Container GUIDs must remain stable across ingestion runs. Since containers are identified by GUID rather than explicit properties in the URN, changing the GUID computation will create a new container entity instead of updating the existing one.

When creating custom containers, ensure that the properties used to generate the GUID are:

- Stable across time
- Unique within the platform
- Derived from immutable source system identifiers

### Self-Referential Containers

While containers can contain other containers, be careful not to create circular references. The parent-child relationship should form a directed acyclic graph (DAG), not a cycle.

### Environment Handling

The `env` field in ContainerKey has special handling for backwards compatibility. In some sources, the platform instance was incorrectly set to the environment value. The `backcompat_env_as_instance` flag handles this case.

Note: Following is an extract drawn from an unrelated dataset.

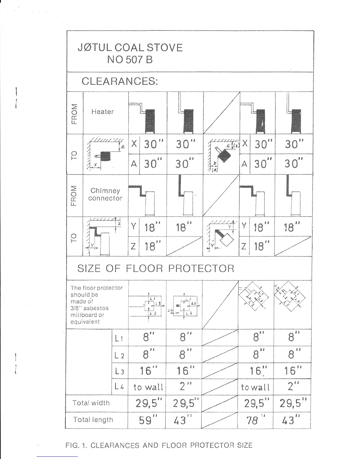 Jøtul 507 B - Clearances; Size of Floor Protector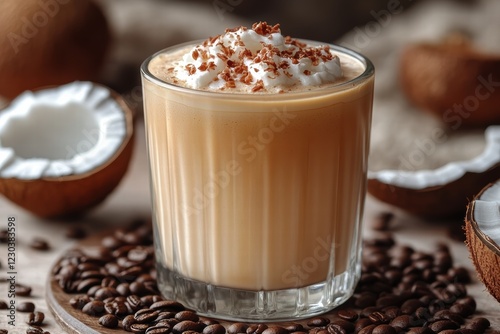 Coffee drink with coconut milk topped with whipped cream and chocolate sprinkles in a cozy setting

When using the `env` field:

- Set it to a valid FabricType (PROD, DEV, QA, etc.)
- Don't use it for platform instance identification
- Use the separate `instance` field for multi-instance deployments

### Platform Instance Association

Unlike datasets which embed platform instance in their URN, containers associate platform instances through the `dataPlatformInstance` aspect. This allows containers to be associated with specific instances of a data platform while maintaining a stable GUID.

### Access Control

Containers support the `access` aspect, which can be used to model access control policies at the container level. This is particularly useful for:

- Database-level permissions
- Schema-level access control
- Project-level authorization
- Workspace-level security

Access controls set on containers can be inherited by contained entities, though this behavior depends on the specific platform's implementation.